* **STORED DATA**:
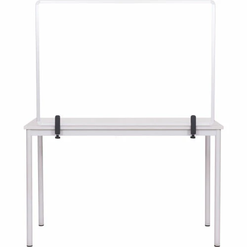 The Protector Frameless Glass Desktop is an important tool that helps users maintain contact while still being protected. This product is ideal for shared office spaces and other public settings. This desktop barrier is extremely easy to clean and sanitize. This product features a pair of robust clamps which attach to the tabletop or desktop.
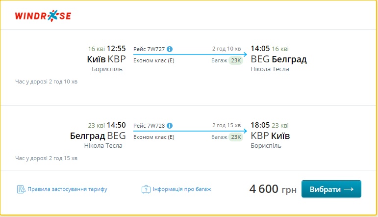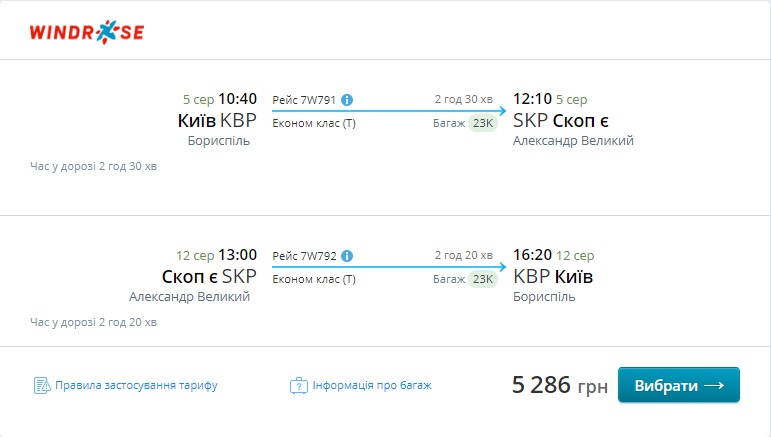 В ціні – зареєстрований багаж до 23 кг. Замовляти квитки потрібно на сайті Windrose.
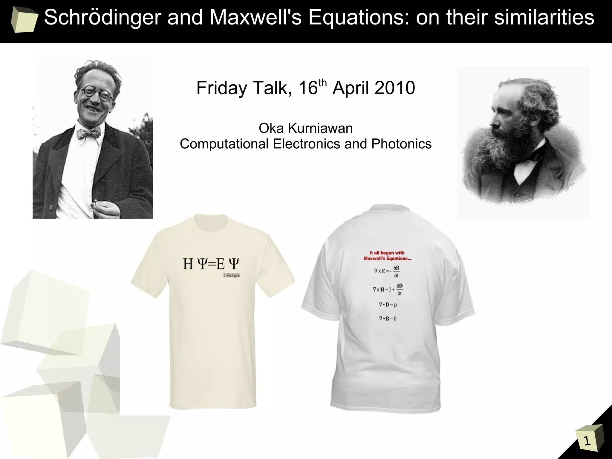 1) Schrödinger's equation for electrons and Maxwell's equations for photons describe wave-like behavior and have similar forms.
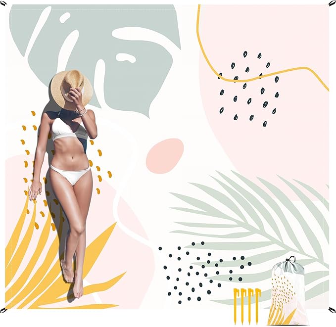 Waterproof Beach Blanket, 78''×86'' Large Sandproof Beach Travel Mat 1-4 Adults, Polyester Lightweight Foldable Outdoor Picnic Blanket with 4 Stakes & 4 Corner Pockets for Grass, Park, Patio

* **WORK INSTRUCTIONS**: Would you please give the material above again, unchanged but without pictures?

* **TASK OUTPUT**:
 The Protector Frameless Glass Desktop is an important tool that helps users maintain contact while still being protected. This product is ideal for shared office spaces and other public settings. This desktop barrier is extremely easy to clean and sanitize. This product features a pair of robust clamps which attach to the tabletop or desktop.
 В ціні – зареєстрований багаж до 23 кг. Замовляти квитки потрібно на сайті Windrose.
 1) Schrödinger's equation for electrons and Maxwell's equations for photons describe wave-like behavior and have similar forms.
 Waterproof Beach Blanket, 78''×86'' Large Sandproof Beach Travel Mat 1-4 Adults, Polyester Lightweight Foldable Outdoor Picnic Blanket with 4 Stakes & 4 Corner Pockets for Grass, Park, Patio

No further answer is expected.